5% Rejected Claims Rate
All practices should strive to reduce their rejected claim rate to 5% or less if possible. Consider that the average practice has clean claims rate between 75% and 85%, 15% to 25% rejected claim rate is quite high. Consider that out of every 500 claims that are made, there are 125 that are rejected for one reason or another, you can see what kind of impact that it has for your revenues.
Even if most of the denied claims are finally accepted, you are still out the time, money, and effort it takes to get back lost revenue. When you consider what is required to finally get a rejected claim through, it is far more efficient to try and eliminate as many bad claims before they are rejected by the insurance company.
Why Rejected Claims Cost Your Practice
There are many billers willing to write off rejected claims as they are unable to keep up with the volume of rejections and denials. They feel it is better to focus on the 75% of claims that do pay. The problem is that the cost of the 25% that do not go through may be more than you think.

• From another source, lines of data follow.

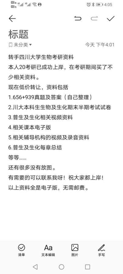 转手四川大学生物考研资料 本人20考研已成功上岸,在考研期间买了不少相关资料。 现在低价转让,资料包括 1.656+939真题及答案(自己整理) 2.川大本科生生物及生化期末半期考试试卷 3.普生及生化相关视频资料 4.相关课本电子版 5.相关辅导机构的视频及录音资料 6.普生及生化每章总结 等等…… 还有很多没有放图。 有需要的可以联系我呀!祝大家都上岸! 以上资料全是电子版,无需邮费。 发自小木虫Android客户端 |
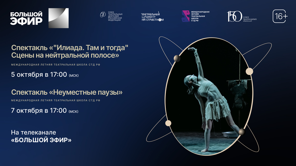 В эфире телеканала «Большой эфир» состоятся премьеры телеверсий спектаклей «Илиада. Там и тогда. Сцены на нейтральной полосе» и «Неуместные паузы». Обе постановки созданы в рамках Международной летней театральной школы Союза театральных деятелей России, проведенной этим летом. Показ «Илиады» запланирован на 5 октября в 17:00. Современная постановка сфокусирована на человеческих переживаниях войны — о преодолении трудностей и горечи расставания, о любви и смерти, о верности и предательстве. Художественным руководителем лаборатории, режиссером и сценографом спектакля выступил Искандер Сакаев, а драматургом — Анна Ерошина. Масштабный телеспектакль состоит из 12 эпизодов разных режиссеров и эпилога. В пластической партитуре спектакля присутствуют элементы биомеханических этюдов Вс. Э. Мейерхольда. 7 октября в 17:00 состоится показ танцевального спектакля «Неуместные паузы», который объединяет выразительные средства современного танца, физического театра и перформанса. В основе спектакля —
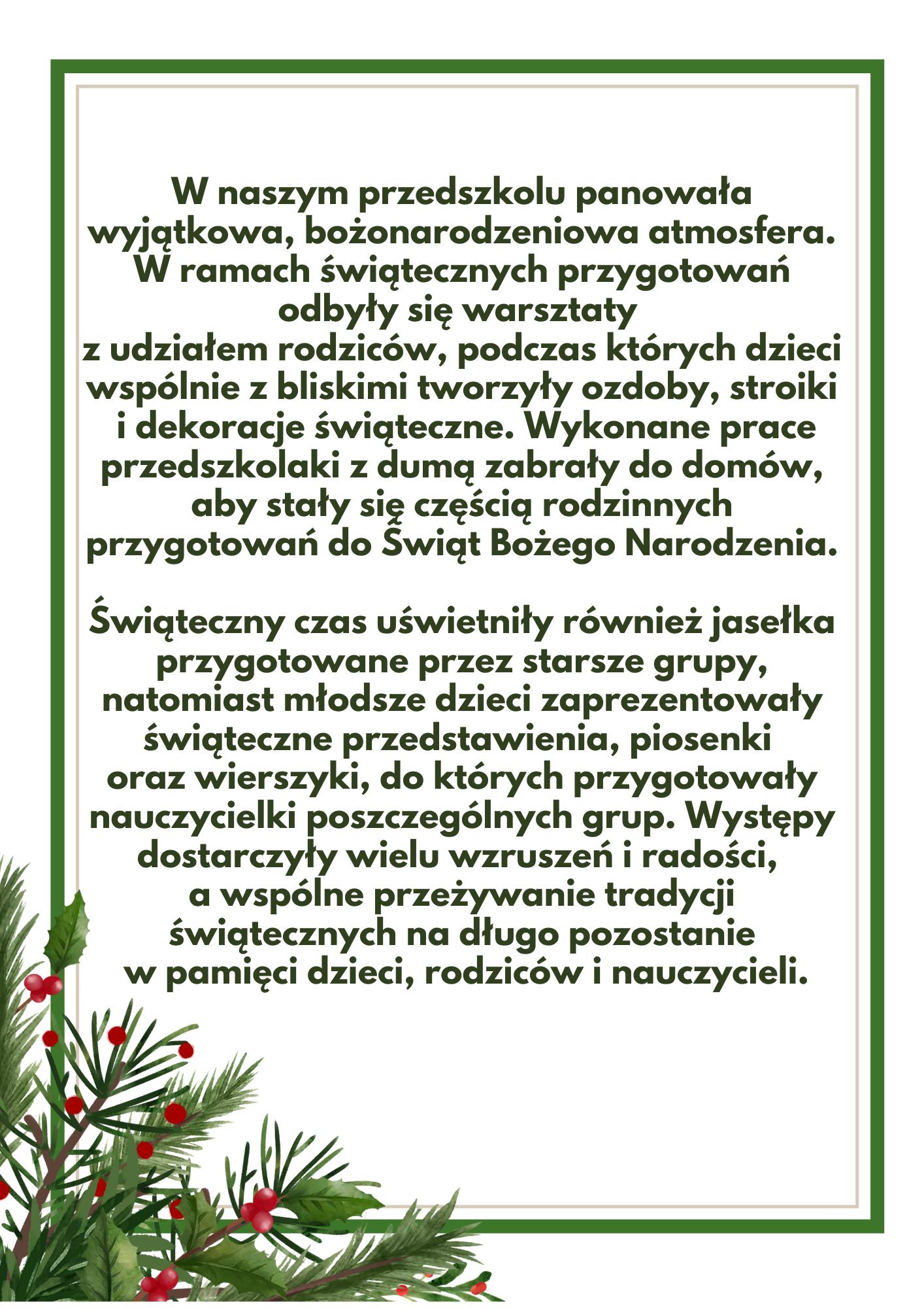 Oddział III - grupa "Zajączki" oraz oddział V - grupa "Jagódki" biorą udział w konkursie "Kolędy Przedszkolaków 2025", organizowanym przez Fundację Kreacja Magia Rąk. Przedszkolaki walczą o tytuł "Gwiazdy publiczności".

Billing becomes more expensive, especially when they cannot keep up with who has not paid their claim. The net collections slow down which again consumes more time and effort in the collection process. The good news is that there are inexpensive, effective ways to curb the rejection rate so that your practice collects more revenue.
Collecting More Revenue
– Work Rejections Quickly
– Spot Recurring Rejections and Make Adjustments
– Review All Validation Reports for Claims that have been Rejected
– Look at Software, Personnel, and Practice to Find Issues that Might be a Cause
When you put more effort into finding out why claims are rejected, you start to make discoveries about how your practice handles claims which leads to greater efficiency. At the very least, you discover patterns that can be corrected and highlight patients who need to pay before they can be seen again.
The more proactive you are in getting claims approved by verifying insurance coverage, asking patients who did not pay on their last visit to address the situation, and updating software and practices that might be contributing factors, the revenue stream increases.
By putting in effective denial management services, you can minimize the claims that come to your practice. Plus, you will make your medical billing more efficient as a result.